[[ Supplied records open ]]
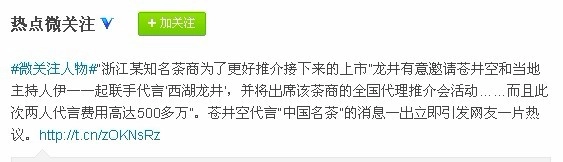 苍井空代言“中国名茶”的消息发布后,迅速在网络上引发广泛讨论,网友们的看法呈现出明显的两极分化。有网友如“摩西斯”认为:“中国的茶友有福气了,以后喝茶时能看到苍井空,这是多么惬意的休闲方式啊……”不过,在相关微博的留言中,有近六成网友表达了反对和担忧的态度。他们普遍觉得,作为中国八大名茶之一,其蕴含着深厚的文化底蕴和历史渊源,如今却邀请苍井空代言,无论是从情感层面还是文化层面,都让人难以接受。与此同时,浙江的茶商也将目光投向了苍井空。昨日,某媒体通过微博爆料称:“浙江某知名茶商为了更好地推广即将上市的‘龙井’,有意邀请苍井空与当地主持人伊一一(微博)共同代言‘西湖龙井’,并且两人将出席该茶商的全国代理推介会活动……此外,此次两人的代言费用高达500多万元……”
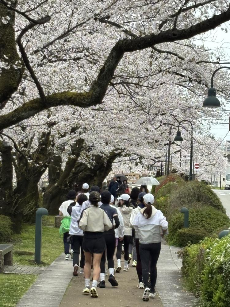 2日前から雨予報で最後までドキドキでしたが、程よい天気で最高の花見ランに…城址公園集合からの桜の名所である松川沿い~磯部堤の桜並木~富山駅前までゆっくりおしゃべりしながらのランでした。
[[ Supplied records closed ]]
[[ Supplied records open ]]
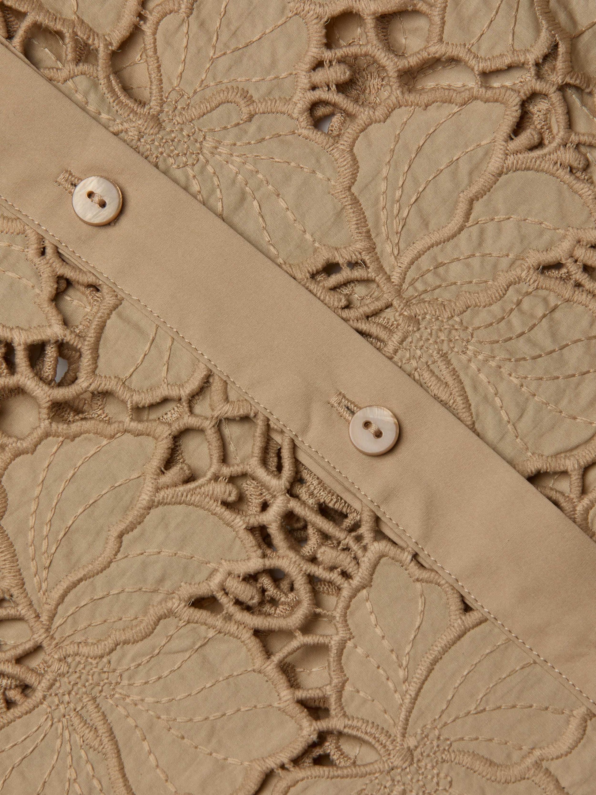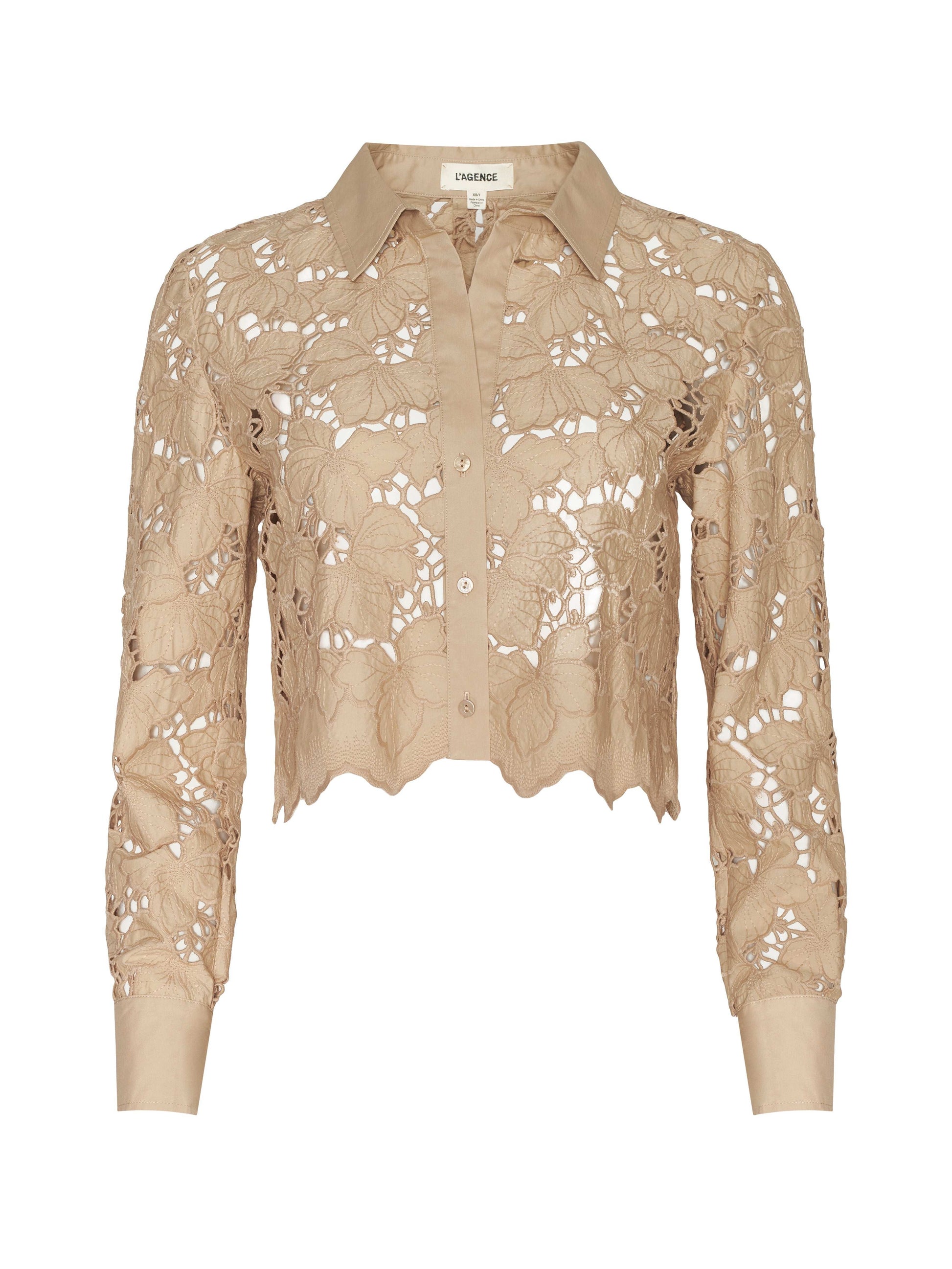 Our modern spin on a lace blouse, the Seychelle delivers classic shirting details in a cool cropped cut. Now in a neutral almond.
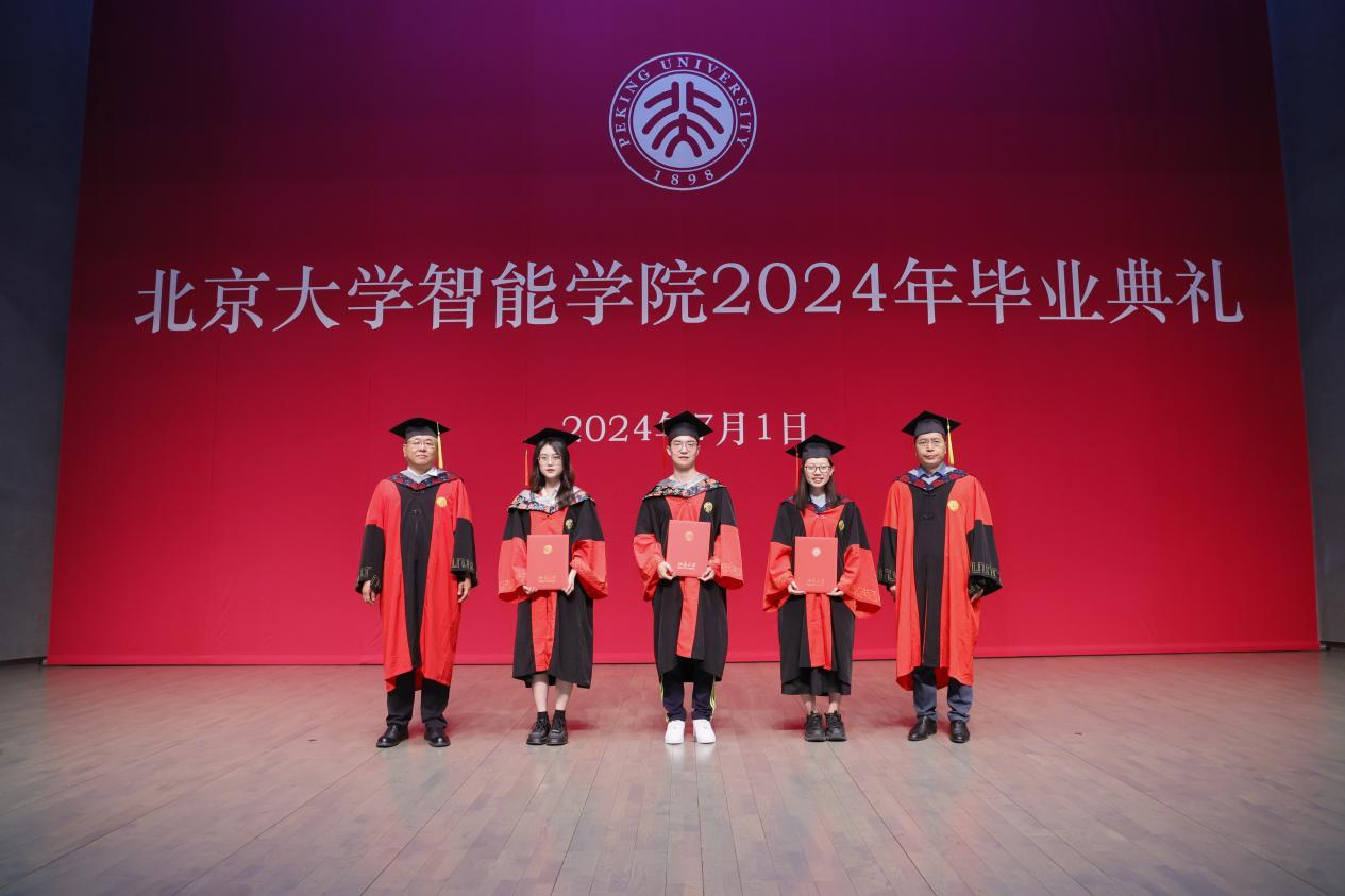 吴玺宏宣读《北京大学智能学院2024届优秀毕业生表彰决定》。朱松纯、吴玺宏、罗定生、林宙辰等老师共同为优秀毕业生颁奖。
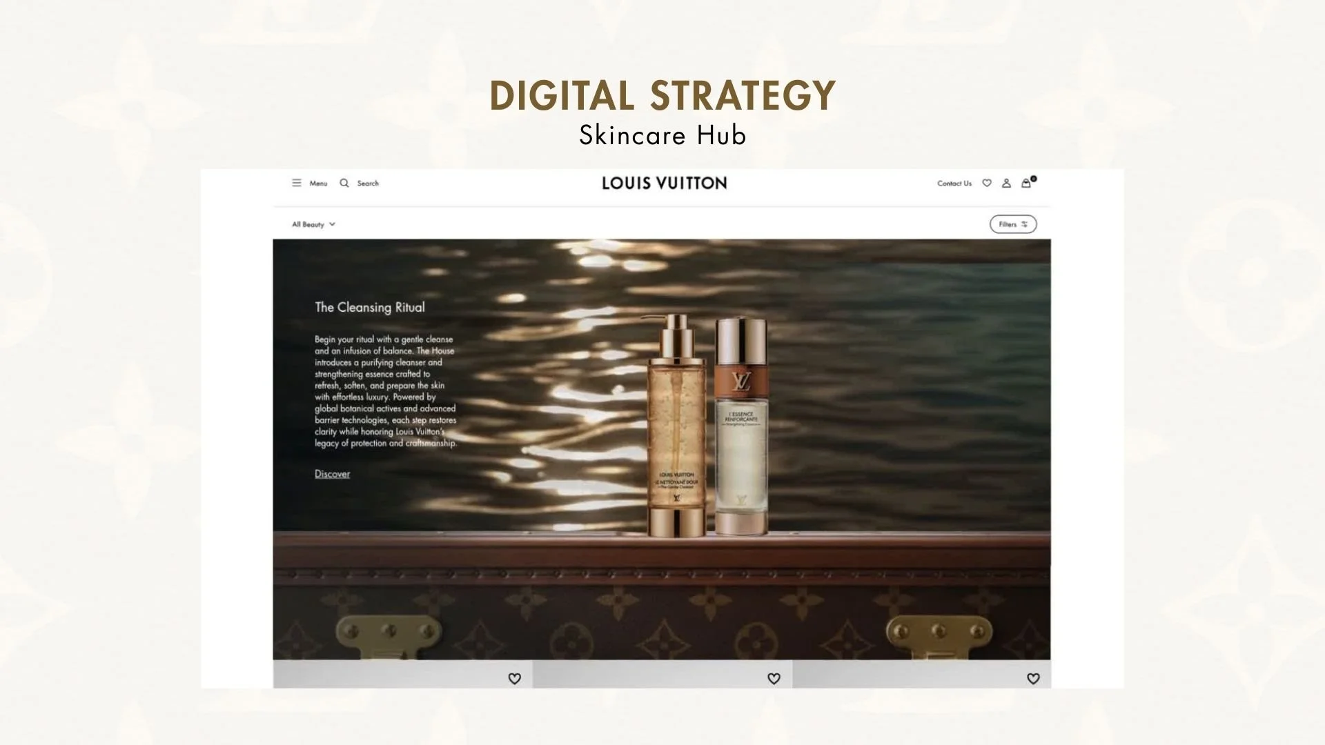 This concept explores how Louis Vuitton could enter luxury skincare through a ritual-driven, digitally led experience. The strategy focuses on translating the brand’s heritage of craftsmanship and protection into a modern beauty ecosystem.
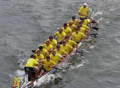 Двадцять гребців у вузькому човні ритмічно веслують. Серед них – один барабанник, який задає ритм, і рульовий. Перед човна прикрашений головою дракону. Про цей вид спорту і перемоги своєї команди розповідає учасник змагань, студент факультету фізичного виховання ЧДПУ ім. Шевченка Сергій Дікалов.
[[ Supplied records closed ]]
Task: Transcribe only this stretch of the data: the line with "吴玺宏宣读《北京大学智能学院", the line with "Двадцять гребців у", and every line in between. Leave out the pictures.

Answer to the exercise:
 吴玺宏宣读《北京大学智能学院2024届优秀毕业生表彰决定》。朱松纯、吴玺宏、罗定生、林宙辰等老师共同为优秀毕业生颁奖。
 This concept explores how Louis Vuitton could enter luxury skincare through a ritual-driven, digitally led experience. The strategy focuses on translating the brand’s heritage of craftsmanship and protection into a modern beauty ecosystem.
 Двадцять гребців у вузькому човні ритмічно веслують. Серед них – один барабанник, який задає ритм, і рульовий. Перед човна прикрашений головою дракону. Про цей вид спорту і перемоги своєї команди розповідає учасник змагань, студент факультету фізичного виховання ЧДПУ ім. Шевченка Сергій Дікалов.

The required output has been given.